Lead time for change just became much more important to the business!
This metric helps hold the engineering teams accountable to the estimates they provide when developing a feature. The more consistent the lead time for change is, the higher the accuracy of effort estimates.
Change Failure Rate
Next up is the Change Failure Rate metric.
We all know downtime is bad, but why is a failed change bad?
You just roll things back, right? And if you have advanced deployment methodologies like blue/green deployments and the entire thing is automated with no downtime, it’s not that big of a deal, right?
If you haven’t grasped anything in this article, I want you to understand this: software companies make money by shipping new features.
These new features acquire new customers, upsell existing customers, or retain existing customers. When the business fails to ship new features, they are missing new revenue opportunities and risking existing revenue streams!
Change failures happen for all kinds of reasons, but all of those reasons create additional cost for the business. Triage must take place. Developers have to debug and develop bug fixes. New tests have to be written. All of these things must be coordinated by humans, which draw a salary.

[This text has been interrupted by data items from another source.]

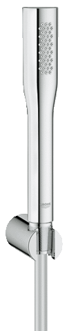 Артикул 27369000 Коллекция Euphoria Cosmopolitan Способ монтажа вертикальный Рекомендованное минимальное давление 1 бар Гарантия производителя 5 лет Защита от перекручивания нет Вес, кг 0,59 Ручной душ Euphoria Cosmopolitan 27 400 000: 1 вид струй, GROHE EcoJoy® технология совершенного потока при уменьшенном расходе воды, GROHE CoolTouch® полностью исключается вероятность ожога о внешнюю поверхность смесителя, GROHE StarLight® хромированная поверхность с системой GROHE SpeedClean® против известковых отложений, ограничитель расхода воды 9,5 л/мин; Держатель ручного душа Rainshower 27 056 000; Душевой шланг Silverflex 28 364 000: 1500 мм.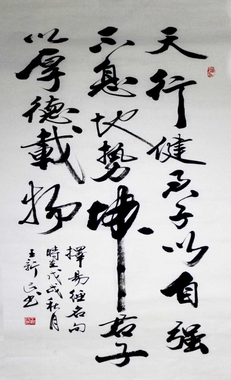 成功的书法家需具有扎实、多方面的专业素养并植根于传统。王新民师自然造化,悟民族精神,并将其作为自我追求与要求。他能够扎根传统文化,以传统文化做根,汲取营养,将书法与传统文化有机结合,同时紧随时代潮流,推陈出新。天道酬勤,王新民匠心独具,自成一格,在书艺路上隆隆日上。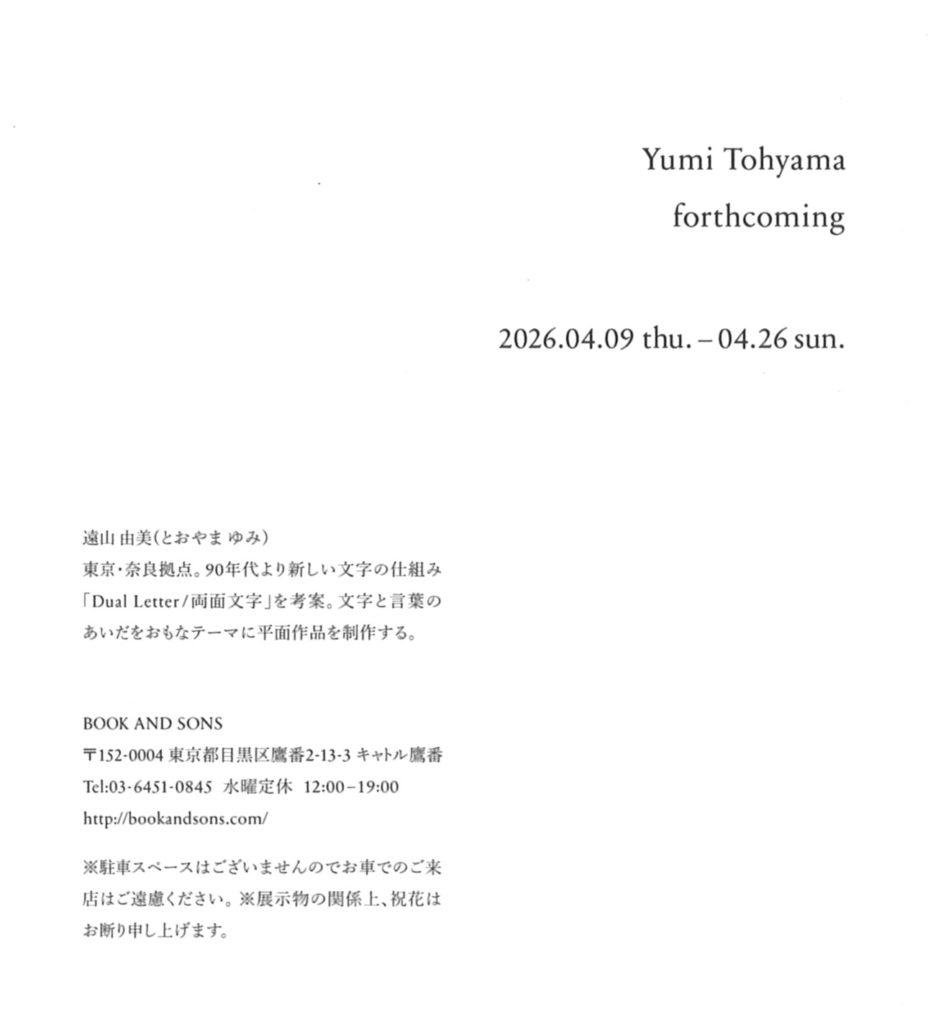 2026年4月9日[木]より、BOOK AND SONS 3Fにて、文字美術作家・遠山由美による作品展「forthcoming」を開催いたします。本展は新刊『99の音のスケッチ』の刊行にあわせ、その制作過程から生まれた作品を中心に展示いたします。

This is why change failure rate is such an important business metric.
Not only does it decrease potential revenue, it also increases cost. Double whammy.
Mean Time to Recover
The last metric is Mean Time To Recover (MTTR).
As it clearly states, this metric measures how long it takes the business to
- identify a problem
- diagnose the problem
- restore service
DevOps engineers are tasked with building highly resilient systems that infrequently fail.
But what happens when they inevitably do fail?
The first thing that most engineers learn about in operations is the term Service Level Agreement (SLA). This is a contractual agreement between a business and its customers that defines an explicit amount of time that the business’ service is up and available.
There are many types of SLAs that range from UI response latency to transfer speeds to transactions per second. But there is one thing they all have in common: lost profit.
Customers receive credit on their accounts when an SLA violation takes place. That credit is a financial liability and can only be recovered by generating new revenue.
Unlike with a failed change that can be recovered later, SLA payouts are total losses.
To make matters worse, punitive damages are not deductible on company taxes like other expenses. Another double whammy!
If you want to get on a CFO’s bad side, be responsible for causing an outage that generates a large SLA payout.
In conclusion, take your engineer hat off every once in a while and remember to wear your business cap. You may find that it comes more naturally than you realize.
Once you feel comfortable thinking in these terms, you should begin speaking like this with your peers and your manager. I have found it to bring more meaning to my job when I know the underlying business fundamentals of the decision making process.
When you can frame questions about what you are doing and why you are doing it in business terminology, you will be surprised to hear the answers you receive.
This kind of mindset is what sets a senior developer and a principal developer apart.